27 Entry prior to the
merger may not have been
profitable because such entry would have reduced prices to below pre-merger
levels.
28 These three sources
are: i) tariff and
non-tariff barriers to international trade; ii) interprovincial barriers to
trade, and; iii) regulatory control over entry.
29 Further background
information about sunk costs
is contained in Appendix I of the Director's Merger Enforcement Guidelines.
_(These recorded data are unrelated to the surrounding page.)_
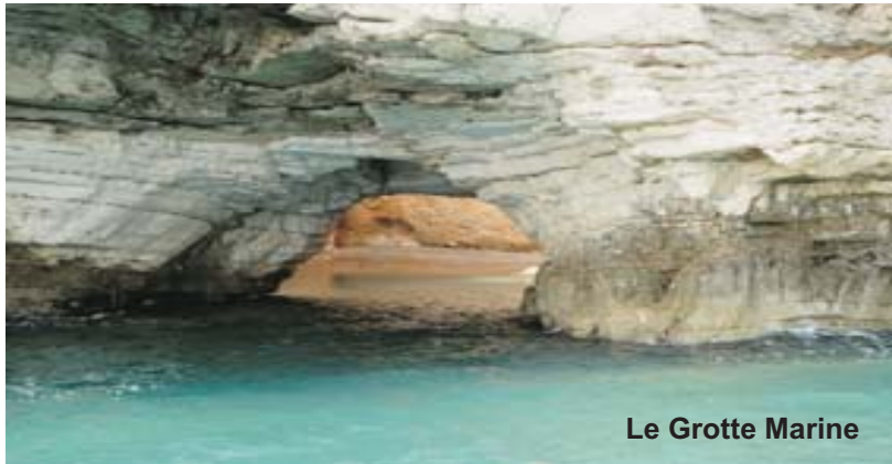
Le Grotte Marine
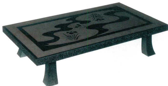
あやめ 乾漆 (龍宝型) ✳ 11-104-14 ¥ 1,215,000 (W1,500・D900・H330)
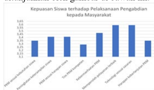
Gambar 8. Kepuasan Siswa terhadap Pelaksanaan Pengabdian kepada Masyarakat

Hasil evaluasi terkait pengabdian ini diperoleh melalui pemberian angket kepuasan siswa terhadap pelaksanaan pengabdian yang ditunjukkan oleh gambar di bawah ini.
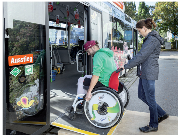
Üben an der Rollstuhlrampe des Busses der Verkehrsbetriebe.
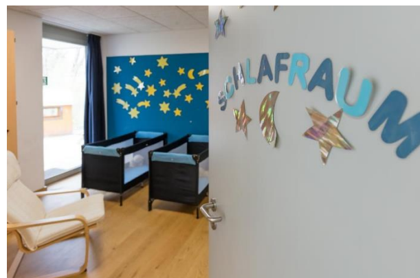
Bild 7 & 8: Gruppenraum und Schlafraum in der Denk mit Kita Gauting Stockdorf, Webastolinis

Neben Alltags- und Naturmaterialien, wie beispielsweise runde und eckige Holzklötze, Siebe, Dosen, Tücher, Baumscheiben, Metallschalen, Kartons und mehr für freies Experimentieren bieten die Räume sinnvolle Erfahrungszugänge, die sie zu eigenaktivem Handeln anregen.
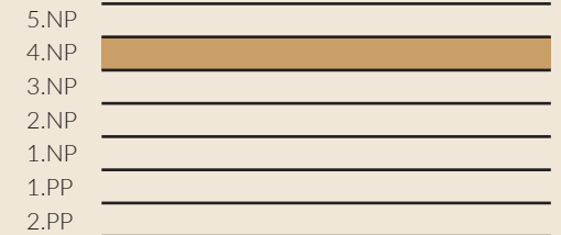
schématický řez objektem - schéma / conceptual building section - scheme
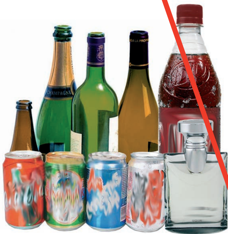
L'alcool (y compris dans les plats cuisinés) et tous les liquides (y compris les eaux de toilette)
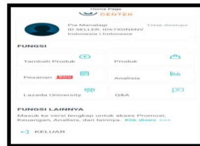
Gambar 6. Akun Lazada
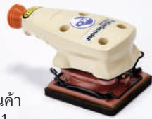
รหัสสินค้า FM571
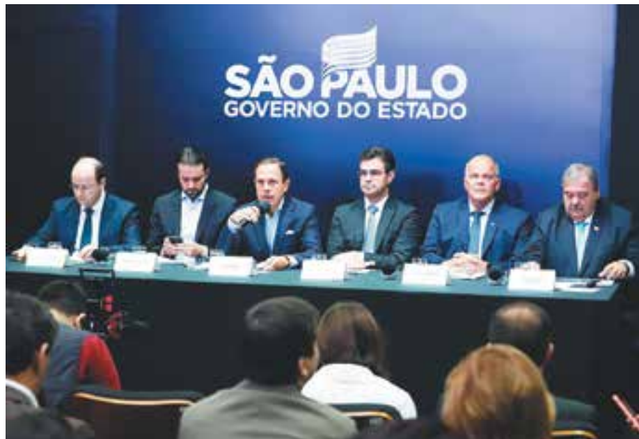
Governo de São Paulo

Os exames serão realizados em horários alternativos, por meio de parceiros privados, bem como a ampliação da oferta nos serviços da rede própria estadual – hospitais e AMEs (Ambulatórios Médicos de Especialidades).
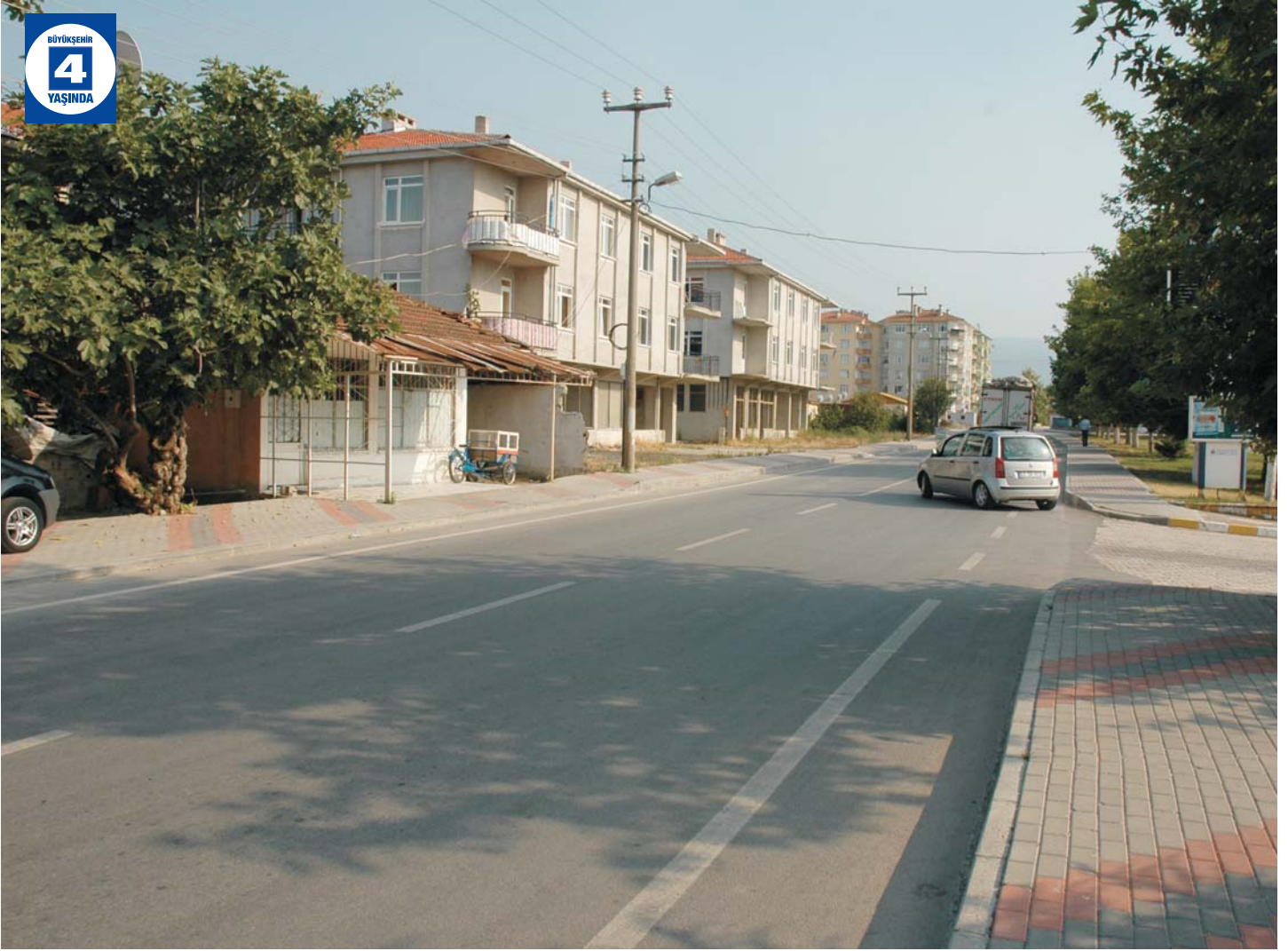
Ihsaniye'de Yenilenen Caddeler

30 In assessing submissions
relating to the
failure of a subsidiary or a division, attention will be paid to: transfer
pricing within the larger enterprise, intra-corporate cost allocations,
management fees, royalty fees, and other matters that may be particularly
relevant in this context. These allocations will generally be assessed in
relation to the values of equivalent arm's length transactions.
31 Accordingly, if
part of the efficiencies likely
to result from the merger include dynamic R&D efficiencies (which cannot be
measured in similar terms as any of the likely anticompetitive effects) and
if
part of the anticompetitive effects likely to result from the merger include
a
reduction in service, quality or variety (which cannot be measured in terms
that are similar to any of the likely efficiencies) the Director would exercise
his discretion in assessing whether the R&D efficiencies would likely
"offset" the effects of a reduction in service, quality or variety.
32 When a dollar is
transferred from a buyer to a
seller, it cannot be determined a priori who is more deserving, or in
whose hands, it has a greater value.